Libya
PUBLIC ORDER AND INTERNAL SECURITY
The Police System
Throughout its prerevolutionary history, the mission and operating
concepts underlying the Libyan police system were the same as
those in many other Muslim societies. The traditional concept
of police or shurtah was a broad one. Because the shurtah
were used from time to time by the government in power to undertake
new conquests, security force commanders often had full-sized
armies at their disposal. Domestically, however, the shurtah
were primarily responsible for suppressing dissidence and insurrections
as well as performing other internal security duties. The latter
duties typically embraced the kinds of administrative and judicial
functions often required of urban and rural police, such as the
prevention of crime, investigation and arrest of criminals, and
maintenance of public order. Some of these concepts have survived
in present-day Libya; others have been altered in response to
the changing needs of the society.
Shortly after the 1969 coup, military officers were temporarily
integrated into key police positions to guard against a countercoup.
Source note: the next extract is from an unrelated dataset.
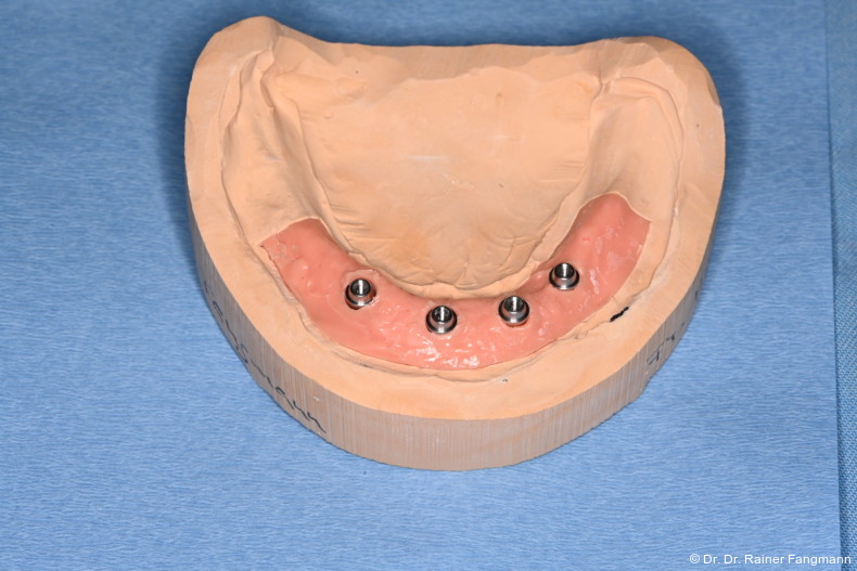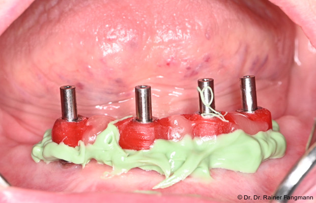 Eine Besonderheit ist die Verblockung der Abformpfosten untereinander mit Acrylatkunststoff und Zahnseide. Hierbei werden zunächst die Gingivaformer abgeschraubt und entfernt. Dann werden die Abformpfosten für die offene Implantatabformung aufgeschraubt. Im nächsten Schritt werden die Implantatabformpfosten mit Zahnseide in 8er-Ligaturen untereinander verblockt. Die Zahnseide wird mit schrumpfungsarmem Acrylatkunststoff (GC Pattern Resin™ LS) verstärkt.

A complete reorganization of the police followed over the next
three years. An early step in the process of stripping the police
of paramilitary status was the consolidation of the regional police
forces into a unified organization under the Ministry of Interior.
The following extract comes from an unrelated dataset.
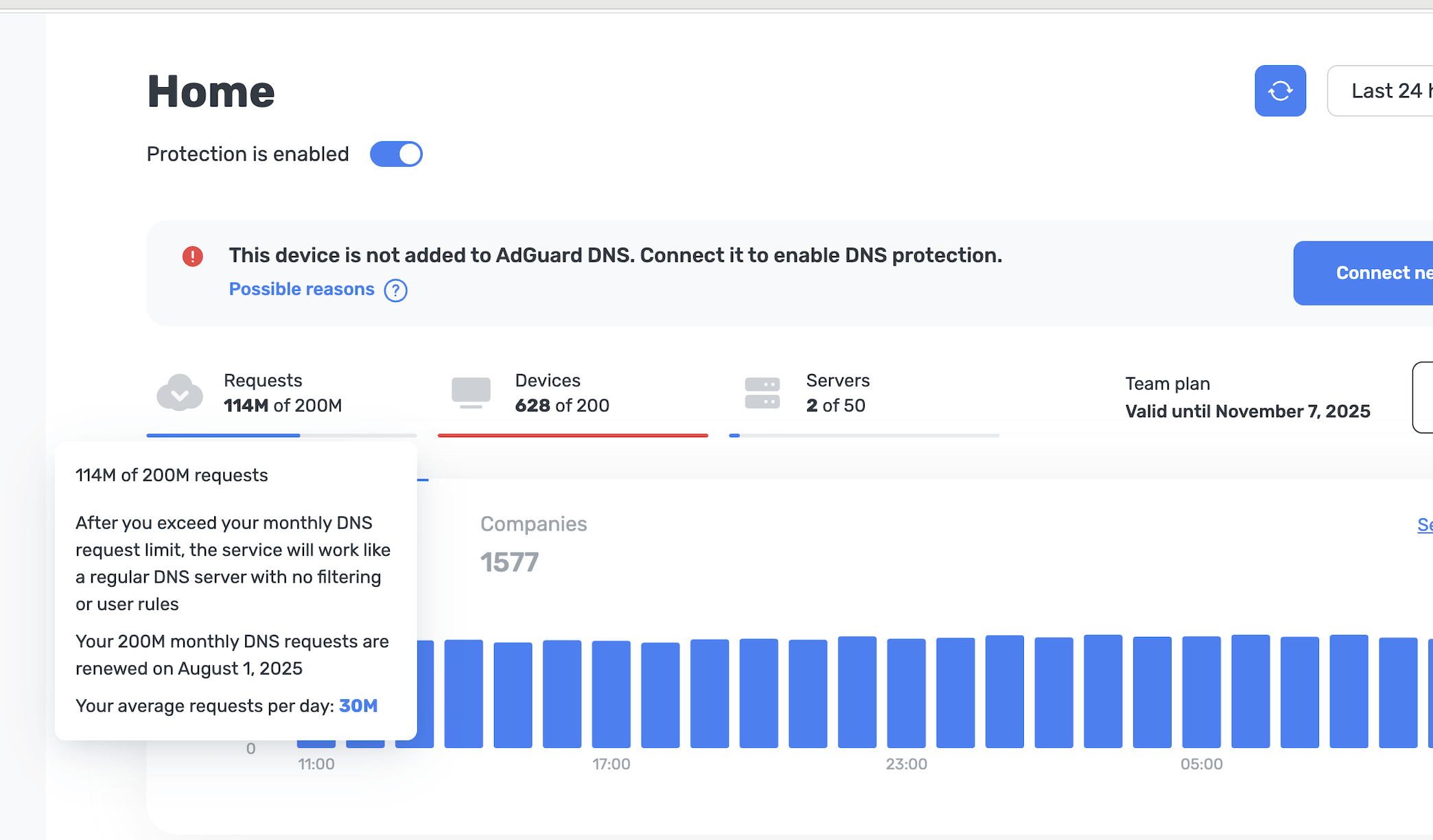 Can you check maybe you off Log DNS requests settings in the account configurations?

In 1971 new separate agencies to handle civil defense and fire
protection were provided for by law. Ministerial decrees established
other units, such as the Central Traffic Department, the Central
Department for Criminal Investigation, the Arab International
Criminal Police Bureau, the Ports Security Department, the Identity
Investigation, and the Police Training Department. A special police
law promulgated by the RCC in January 1972 spelled out the new
functions of the police force, which was formally redesignated
the Police at the Service of the People and the Revolution. The
police were specifically charged with responsibility for "the
administration of prisons, civil defense activities, passport
and nationality affairs, identity card affairs, and other functions
set forth by laws and bills."
Individual police units were under the jurisdiction of regional
security directorates throughout the country, with primary responsibility
for enforcing the laws and administering the police falling under
the minister of interior and his deputy. A special police affairs
council--composed of the deputy minister as chairman, the directors
of the central police department, the regional chiefs, and a legal
adviser--was empowered to coordinate activities of various police
branches and to issue decrees on police matters.
Police ranks followed closely those of the armed forces. An officer
candidate had to be a Libyan citizen at least twenty years of
age, of good conduct and behavior, in good physical condition,
and not married to a foreigner. He also had to be a graduate of
the police academy. Police work was considered a prestigious occupation,
and its attractive working conditions and benefits reportedly
produced well-qualified applicants who underwent stiff competition
for vacancies. However, standards may have deteriorated as more
lucrative opportunities in the oil industry and in government
became available for those with sufficient education.
In a counterpart to the media attacks on the professional military
in 1983, the official Libyan press targeted the police as lacking
revolutionary zeal. The press demanded greater direct responsibility
for the masses in protecting the people's security. Articles was
recalled that the police were descended from the mobile forces
of the Idris regime, headed by "fascist, bourgeois officers" who
had suppressed all manifestations of discontent with the royalist
system. Police officials were accused of engaging in licentious
behavior, of drinking liquor, and of carrying on illegal businesses.
They were charged with being "feudalistic" in their behavior,
of being ill-educated because many lacked a high- school diploma,
and often unfit for duty because of advancing age.
Declaring that "security is the responsibility of the people
as a whole in the same way as the defense of the homeland is,"
Qadhafi announced in 1985 that the police would henceforward be
known as the People's Security Force. Whether this name change
accomplished much seemed doubtful; the official press complained
that all that had happened was that signs over the police stations
now read "People's Security Station."